Any idea when the "Escort the Scholar" event in the north starts?

----------


## lordz23

> Amazing spot, leveled from 47-60 just today. Easy once you get it down, helped my friends too. I've only done the upper half, will go lower when I get higher level.


what was your rotation?

----------


## deadrap

How the hell do you get to the Tarnished Coast :O

----------


## NebeF2G

Its very good area, however it become so much harder/longer to level 68! seeking new place now.

----------


## conebone69

which quest for the north part starts the whole chain? i assume escorting the guy is the last of the chain? can you please write the orders?

----------


## Dartexx

nice area, +rep

----------


## thephilz

138k to level * 80% = 110k
time taken = 57-16 minutes = 41minutes

110k in 41 minutes = 160k in 60 minutes = 160k exp/hour at my speed

this only applies to when you can roam both the top and bottom halves extremely well. i have been here since level 47. will stay till probably 71  :Smile: 

and yes i have been consistently getting 150k+ since level 60, this is not a one off thing

----------


## madoushi21

> 138k to level * 80% = 110k
> time taken = 57-16 minutes = 41minutes
> 
> 110k in 41 minutes = 160k in 60 minutes = 160k exp/hour at my speed
> 
> 
> this only applies to when you can roam both the top and bottom halves extremely well. i have been here since level 47. will stay till probably 71 
> 
> and yes i have been consistently getting 150k+ since level 60, this is not a one off thing


What class you playing?I'm a 43 thief atm,was thinking of heading here around 47-50,maybe even at 47...not sure how it'll go though.BEST SPOT though at that level even??I know this spot is sick after 50ish.

----------


## deadrap

I said it before and I'll say it again, this is a flippin awesome spot to level.

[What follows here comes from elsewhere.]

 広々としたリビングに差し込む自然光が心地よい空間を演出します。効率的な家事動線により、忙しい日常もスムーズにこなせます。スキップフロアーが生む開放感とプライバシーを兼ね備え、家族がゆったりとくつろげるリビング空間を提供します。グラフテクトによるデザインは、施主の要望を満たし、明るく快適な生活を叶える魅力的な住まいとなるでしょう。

One thing to add though which I'm not has been said before, but you do not need to participate in the entire event, you only need to arrive to a Dynamic Event, kill about 4 or 5 mobs to guarantee Gold contribution, then head to the next. This is how you chain events together for maximum XP/hour.

----------


## FrankTheSkank

this place is the best... its so much exp.

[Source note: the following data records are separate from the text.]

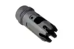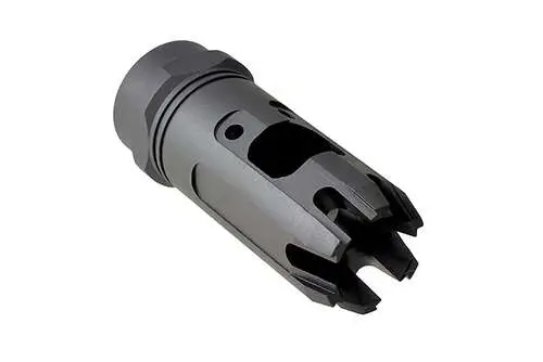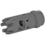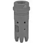 The Strike Industries Mini King Comp 9mm brings the proven performance of the full-size King Comp in a more compact, lighter package designed exclusively for 9mm carbines. The Mini King Comp retains the full range of features of the King Comp in a single chamber format. The large single baffle captures the vented gasses for recoil mitigation. The redirection jets work to stabilize the muzzle end for faster follow up shots while dampening felt concussion on the shooter end to maintain the pleasant shooting characteristics of 9mm carbines. The end of the compensator features the crown of standoff/wire cutting tines that gives the compensator its name.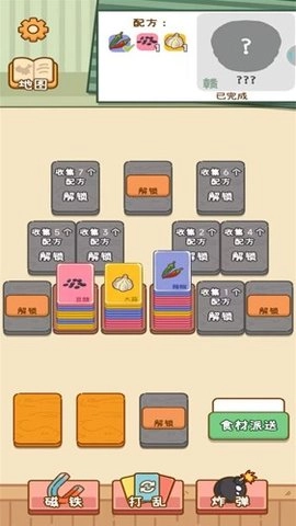 1、随着游戏进程的推进,你会解锁更多食材与特殊道具,使合成玩法既更具挑战性又充满趣味。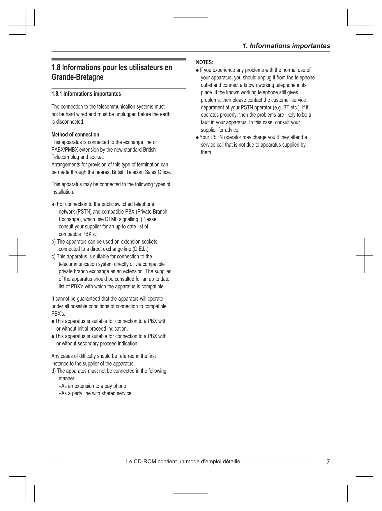 - If you experience any problems with the normal use of your apparatus, you should unplug it from the telephone outlet and connect a known working telephone in its place. If the known working telephone still gives problems, then please contact the customer service department of your PSTN operator (e.g. BT etc.). If it operates properly, then the problems are likely to be a fault in your apparatus. In this case, consult your supplier for advice.

and if the 3 events are up at the same time. just go hit a few guys at each of them to make sure u dont miss any

----------


## phlowqs

This been nerfed perchance? Been grinding events, patch went up, now I'm down to 400xp/[email protected]

----------


## lovewap

Its very good area

----------


## phlowqs

Hmmm, seems like they added diminishing returns. After taking a break for a while I started getting 5k+, back down to 300 again.

----------


## NykaiTheSilver

> Picture may take a few seconds to load. You will have to click picture once to view larger, and once more to see by itself, then one last time to see full size.  Let me know what you think! Thanks 
> Attachment 9904


Thanks a ton, very helpful!

----------